Wednesday, January 16, 2013
Clinical
Data Mining
The nontrivial extraction of implicit, previously unknown, and
potentially useful information from data…A process by which a clinical database
is used to describe mathematically the likelihood of outcome events, given a
set of variables on a new patient.
Definition and purpose of data mining
January 16, 2013 – In Medinnovation blog, I’ve been writing about data mining and
health reform since 2007. I’m now about to write a book on Electronic Health Records and Data
Mining. One goes with another. Data miners extract their information from
EHRs.
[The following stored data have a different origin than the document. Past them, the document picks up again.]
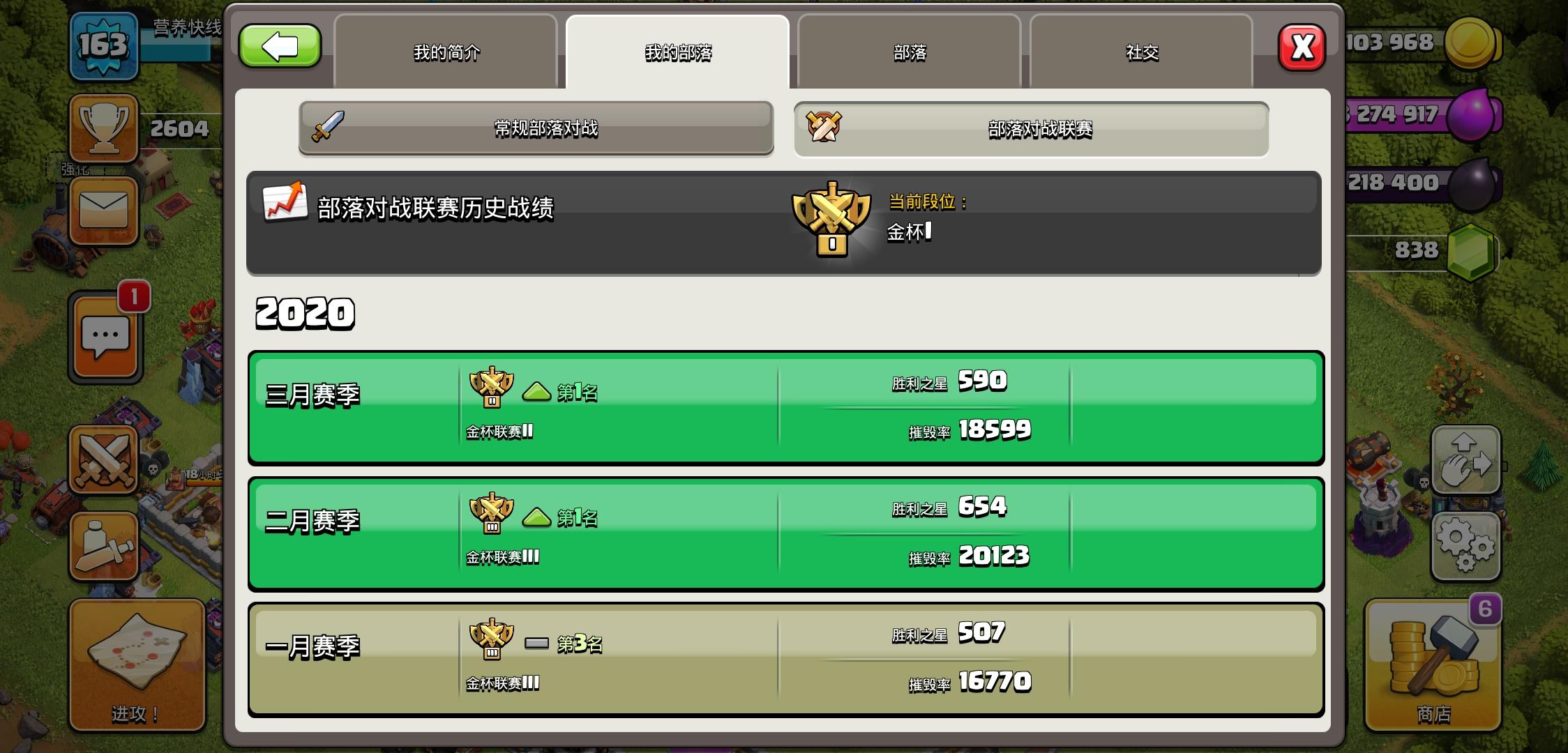 目前本部落金杯一,基本上可以稳定升到水晶一。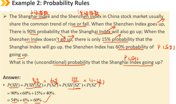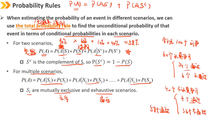 全概率法则:通过每个场景下某个事件的条件概率得到该事件的非条件概率的方法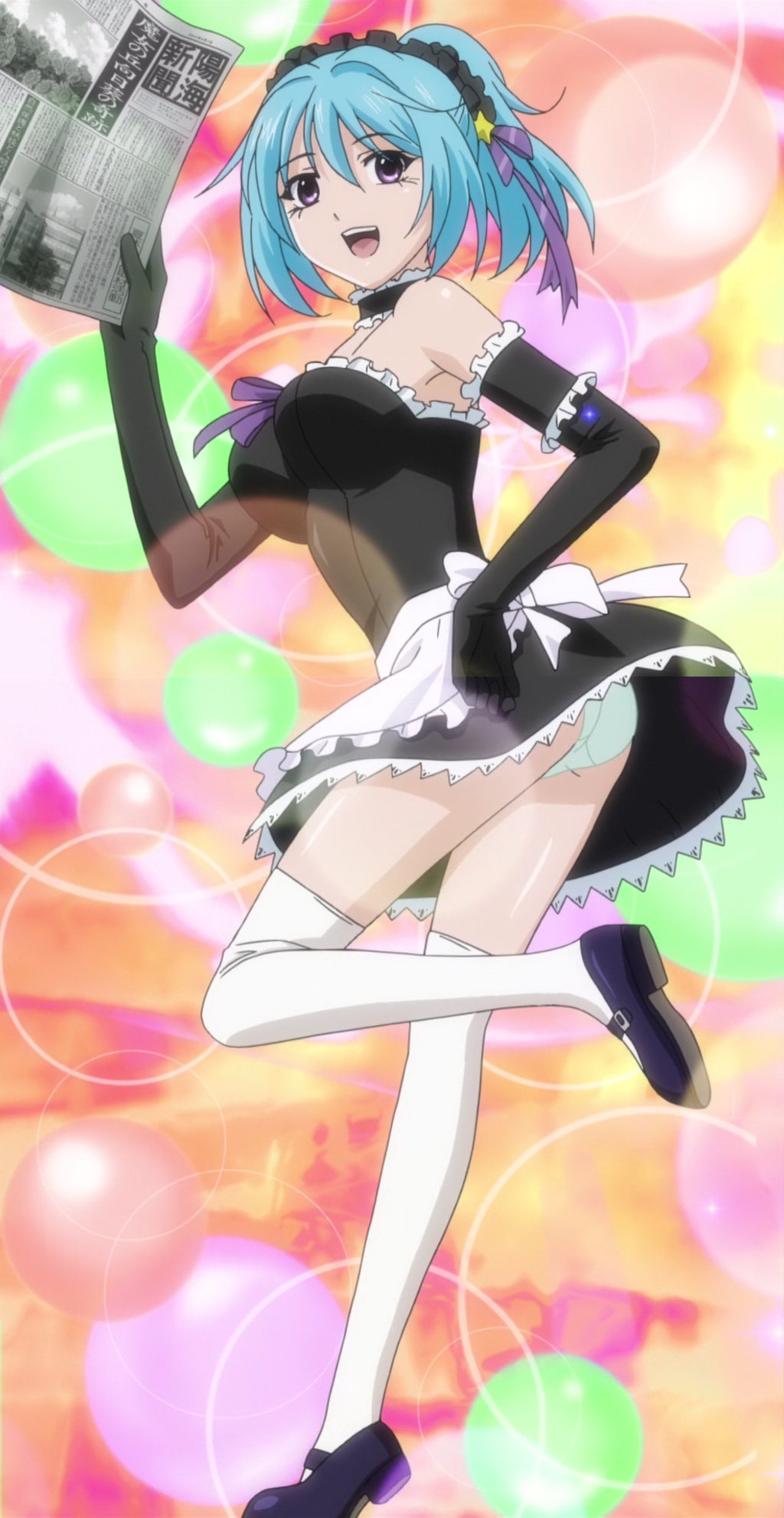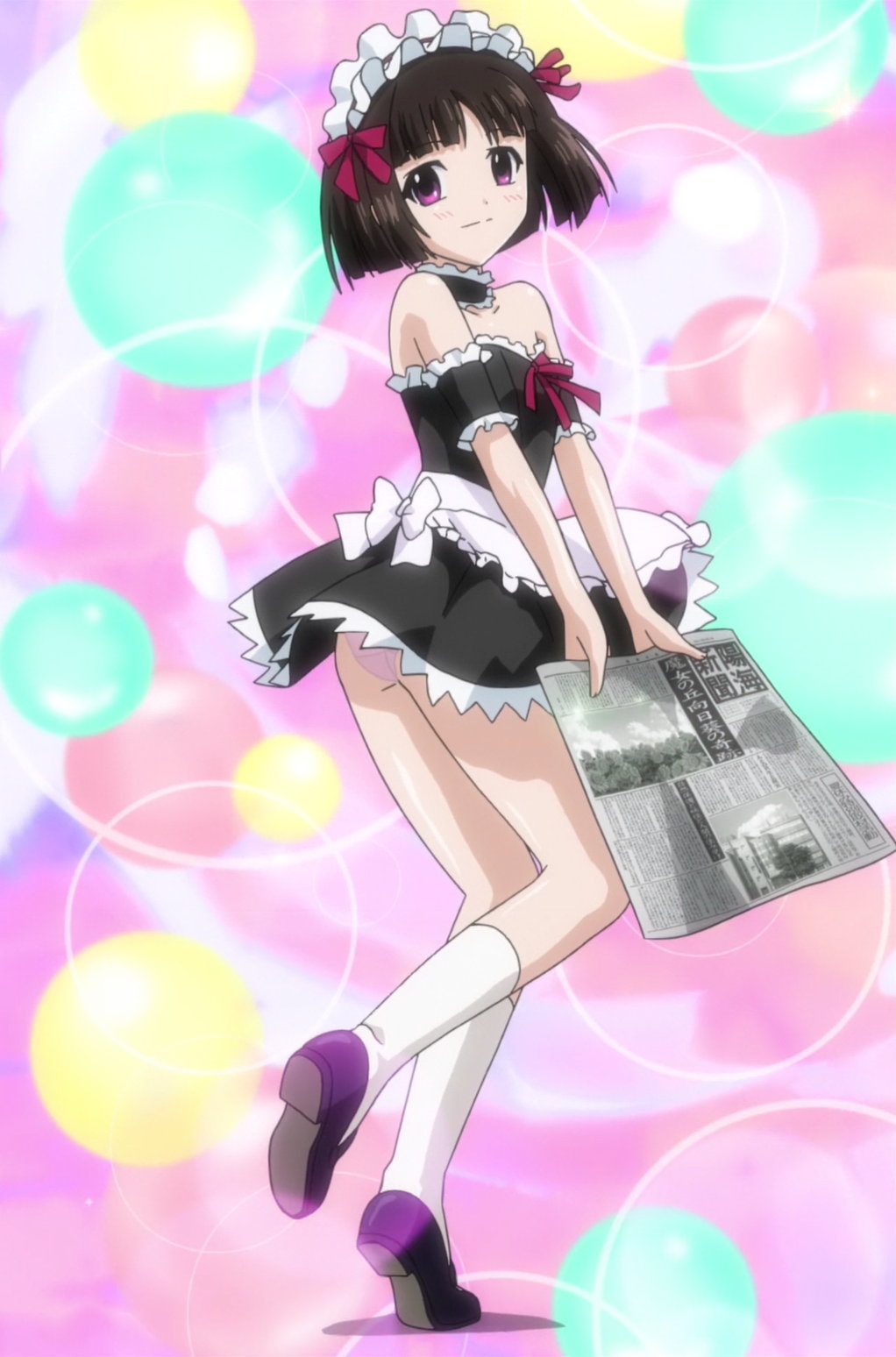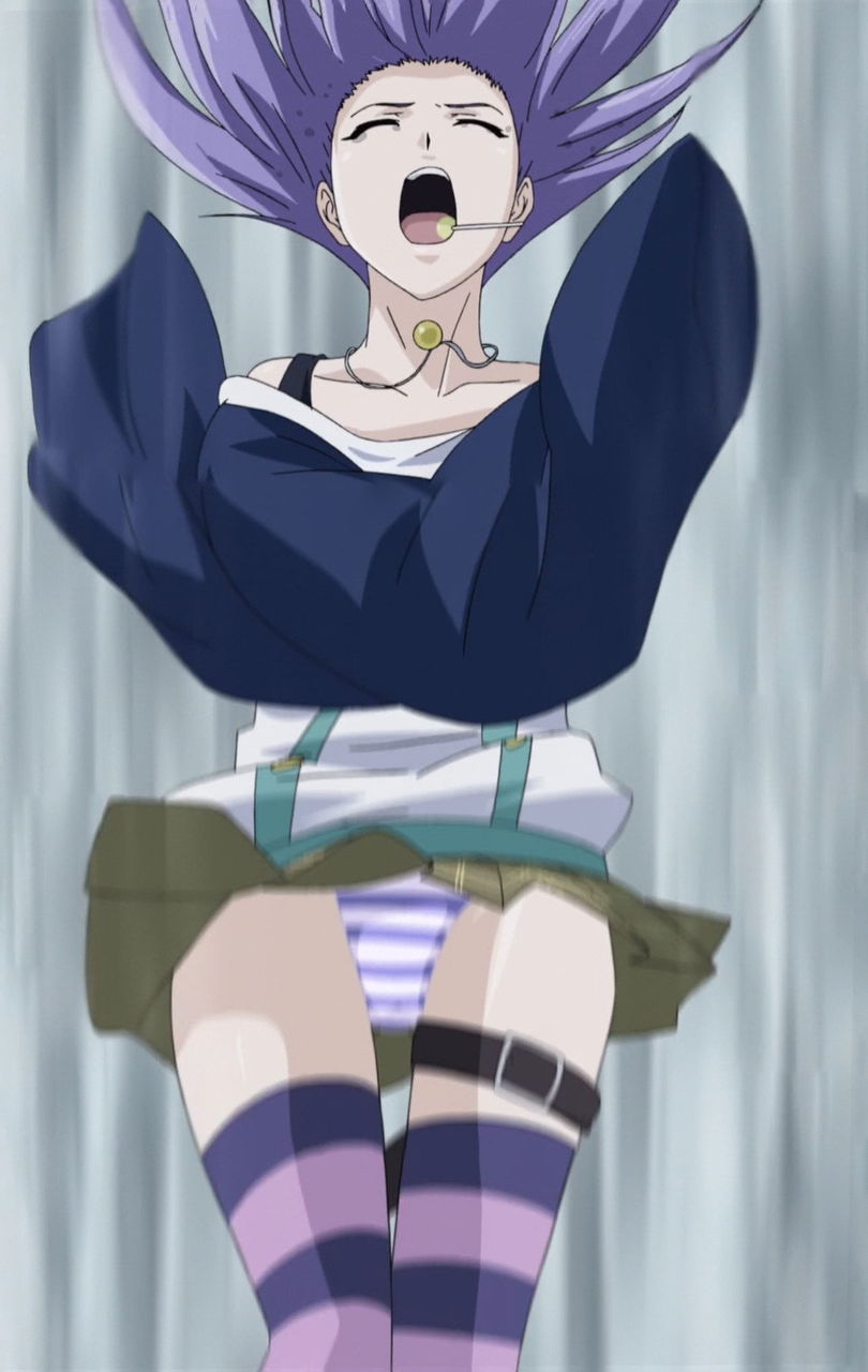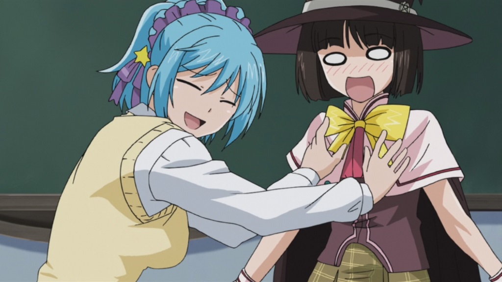 自分への悪口を言っていた女子生徒たちに対し、魔術でパンツを脱がせて悪戯する紫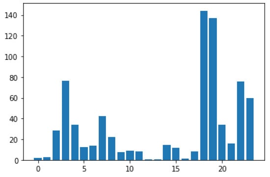 Features with better chi-squared scores were selected for the prediction because model prediction could thus be enhanced. This test is based on hypothesis testing, and the null hypothesis states that the features are independent of one another. The chi-squared score was calculated with the use of Equation (1):

There is nothing trivial about
data mining, it extracts useful clinical information, to establish what works
best and what has the best outcomes at lower costs.
In March
2007, I wrote an article in Health Leaders Media, “Data Mining, Predictive Modeling, and
Innovation: Keys to U.S. Health Reform,” In that piece, I noted these kinds of data
mining.
·
Medicare
data mining
·
Pharmaceutical
data mining
·
Printed
word data mining
·
Health
plan data mining
The
underlying purpose behind much of this
data mining is to establish a rational basis for what works best and who gets paid
for what.
Stephen
Baker, in a 2007 book, Numerati,”explained
whydata mining is so prevalent.
“The world is buried in data, great banks and drifts of the
stuff. In recent years, a new technology has emerged – computer programs that
will drill through it all to pick out patterns and trends – information that
may be useful to marketers, employers, doctors, matchmakers or national
security analysts. Such programs are extraordinarily sophisticated, and their
creators need to be very clever indeed. A doctorate in math or computer science
is pretty much required. These whizzes are called the ‘Numerati,’ Using ‘data
mining,’ they can seek out veins of useful ore in the mounds of facts that
computers accumulate every day.”
But in health care,
the question arises: How much data and from what sources? It
should surprise no one that the UnitedHealthGroup, Inc, America’s largest
health insurer, and the Mayo Clinic,
with 5 million computerized clinical records,
have decided to collaborate to draw upon clinical claims for 109 million
people and in-depth Mayo records to establish what constitutes “best outcomes
for patients at lower costs.” The
effort, called Optum Labs, will be part of UnitedHealth’s health service arm. As David Brailer, MD, President George Bush’s national HIT
coordinator , observed of the
United-Mayo effort,”It’s a sign of the times. Data has moved center stage, and
now it’s time for it to show what it can do.”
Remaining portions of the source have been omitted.